By Stephen Petrick
When tourists come to visit Haliburton County short-term are they contributing to the economy or are they a burden on the environment, public safety and causing other issues which threaten rural living charm?
Haliburton County expects to soon get residents’ thoughts on this issue, as staff are preparing a survey to prepare for a new short-term rental policy.
A draft of the survey being prepared by the county’s planning department, with the help of a North Bay-based planning firm, was released to Haliburton County council at the Wednesday, Feb. 23 virtual meeting.
The draft of the survey was heavily scrutinized by several councillors, meaning several changes will likely be made and eventually brought back to council for approval at a future meeting.
But the overall direction of the survey has not changed; it is to gauge what concerns residents see developing from the use of cottage rentals, Airbnbs and short-term housing stays.

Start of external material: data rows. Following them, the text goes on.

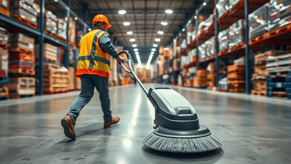 Balancing sweeping speed and debris pick-up is key to warehouse safety and efficiency. Moving too fast may leave debris behind, posing hazards, while sweeping too slowly slows operations. Improving equipment setup, maintaining tools, and training operators help find that perfect middle ground. It’s also essential to monitor operator fatigue, as tired workers can miss debris or make errors. Keep this balance in mind, and you’ll keep your warehouse clean and productive—discover more ways to optimize your process below.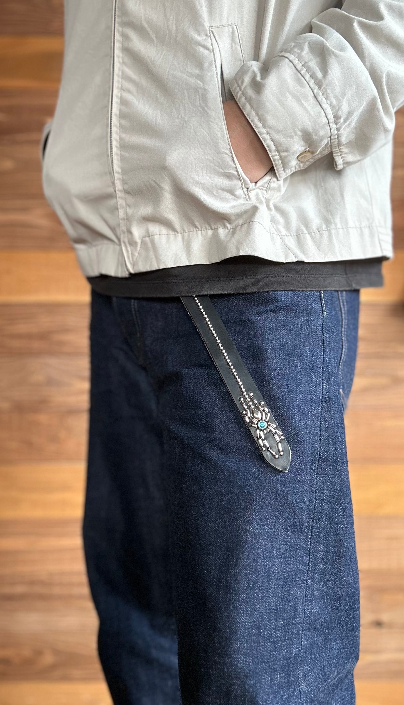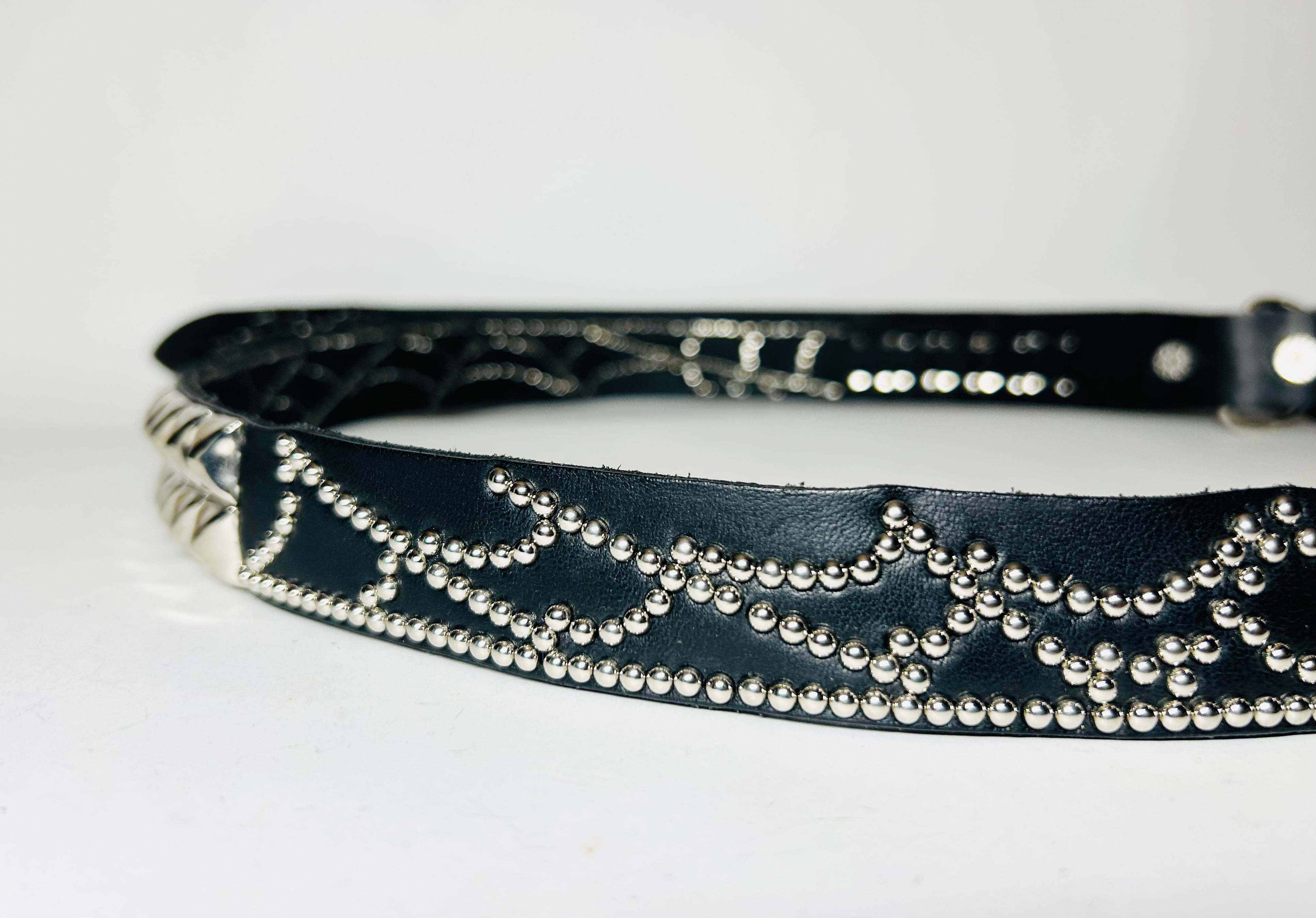 ベルトケンサキにスパイダー、腰回りにスパイダーウェブデザインを施したナローロングベルト。ケンサキから途切れる事なく一周する蜘蛛の糸は幸運を掴みあなたを守ってくれるとか… 着用画像のケンサキスタイルはシャープです。バックルの留め具がスナップボタン式ですので取り外し可能です。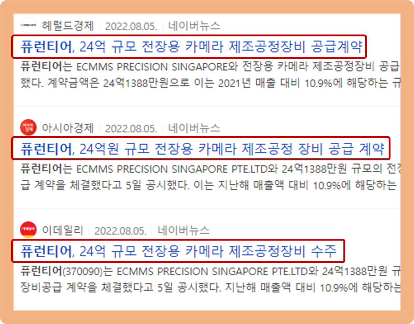 2022년 8월 5일, 퓨런티어가 ECMMS PRECISION SINGAPORE PTE(전기전자제품 생산 및 판매업 영위)와 전장용 카메라 제조공정장비 공급 계약을 체결했습니다.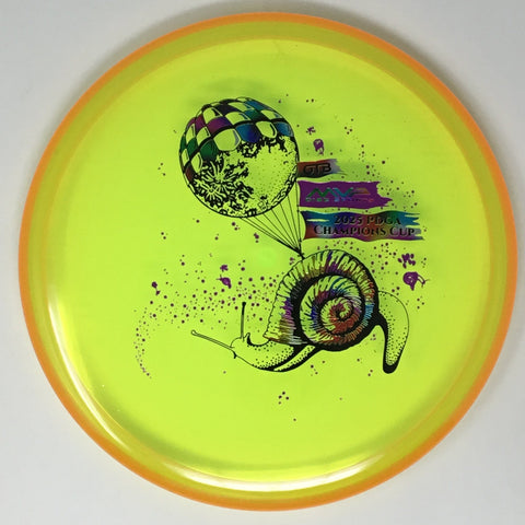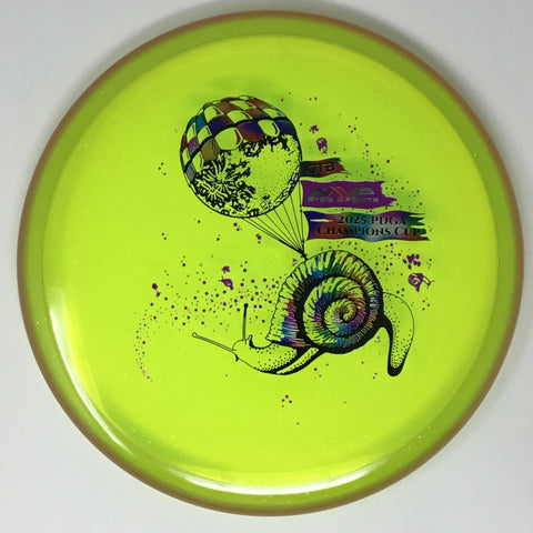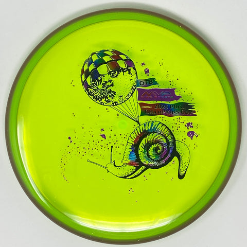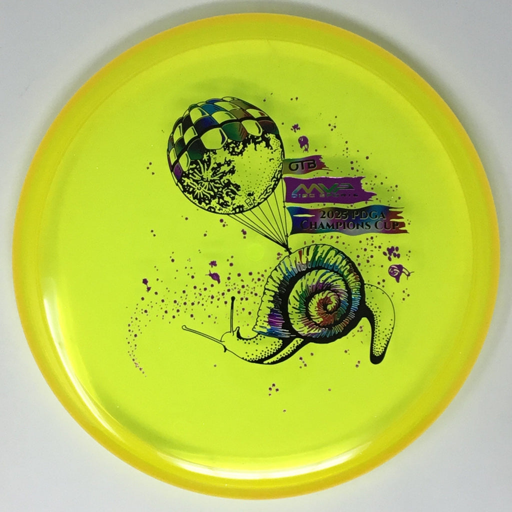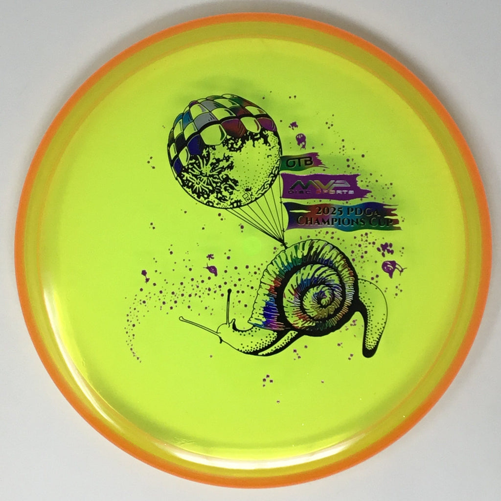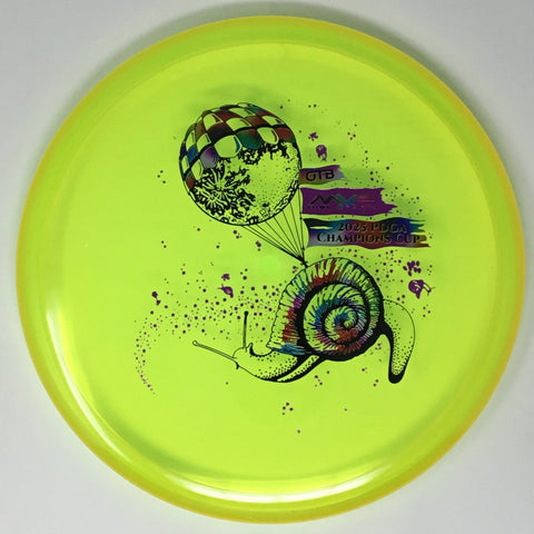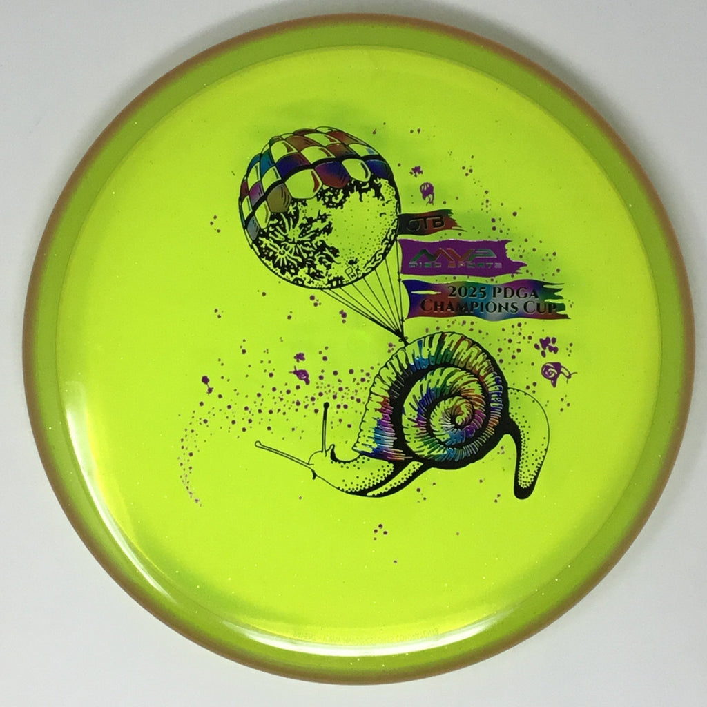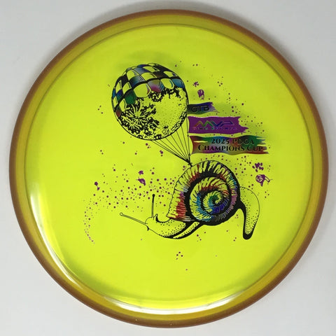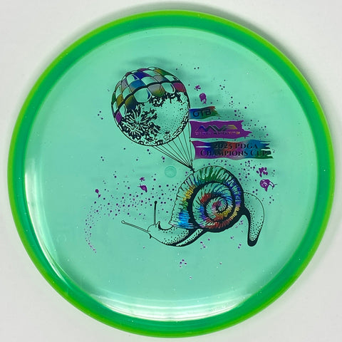 2025 Champions Cup Edition: It took a while, but snails always catch up eventually. Returning this year – along with many of his friends – is “Snail Mail” by Pirate Nate, on the Prism Proton Soft Envy! One of the most popular throwing putters in the MVP family of discs, the dependable straight to overstable flight of the Envy will get your shot right where you want it – chains.

It’s expected to be the first of two surveys released, in order to gain information that will help Haliburton County develop a policy that would put regulations on setting up short-term rental businesses.
“The intent of this survey really is to explore perspectives on short-term rental accommodations generally and to begin to understand both the issues and opportunities and what the constraints are,” said Jason Ferrigan, from the firm, J.L. Richards & Associates.
The first draft of the survey asked residents to rank the level of concern they have on issues such as excessive noise, parking, public safety, impact on the tax base and loss of character in neighbourhoods, among other issues.
It also asked residents to express the level of concern they have for cottages and dwellings, whether they’re used by a usual visitor, a periodically-present visitor, a frequent visitor or a year-round visitor.
But it’s unlikely that those questions will be asked exactly in the way they were worded in the first draft.
“The questions are poorly worded,” Dysart et al Deputy Mayor Pat Kennedy said bluntly, during one of four instances where he spoke up to criticize the survey draft.
In another instance, Algonquin Highlands Mayor Carol Moffatt said matter-of-factly, “I still don’t understand what you’re looking for.”
The comment was directed at Ferrigan, who was explaining the fourth and fifth questions on the survey, which asks responders to rank their level of concern on various issues.
Councillors lobbied for many lines to be rephrased differently and for the wording to be tweaked to get better, more succinct information.
Moffatt said the draft of the survey didn’t meet her expectations, as she has been waiting for several years for a deep investigation into the benefits and costs associated with having plenty of short-term rental venues in the area.
Dysart et al Mayor Andrea Roberts also expressed concern that the survey, as it stood, was allowing people to express concerns they may have about short-term rental accommodations, but not an opportunity to express the positives.
“There is a great economic benefit to having more people come here and rent here. There are businesses thriving on the business of short-term rentals,” she said. “Somehow that needs to be captured and I’m not sure how.”
Council voted to receive the report and direct J.L. Richards & Associates to work on a new draft and bring it back to a future meeting. The survey was, originally, intended to be released in March.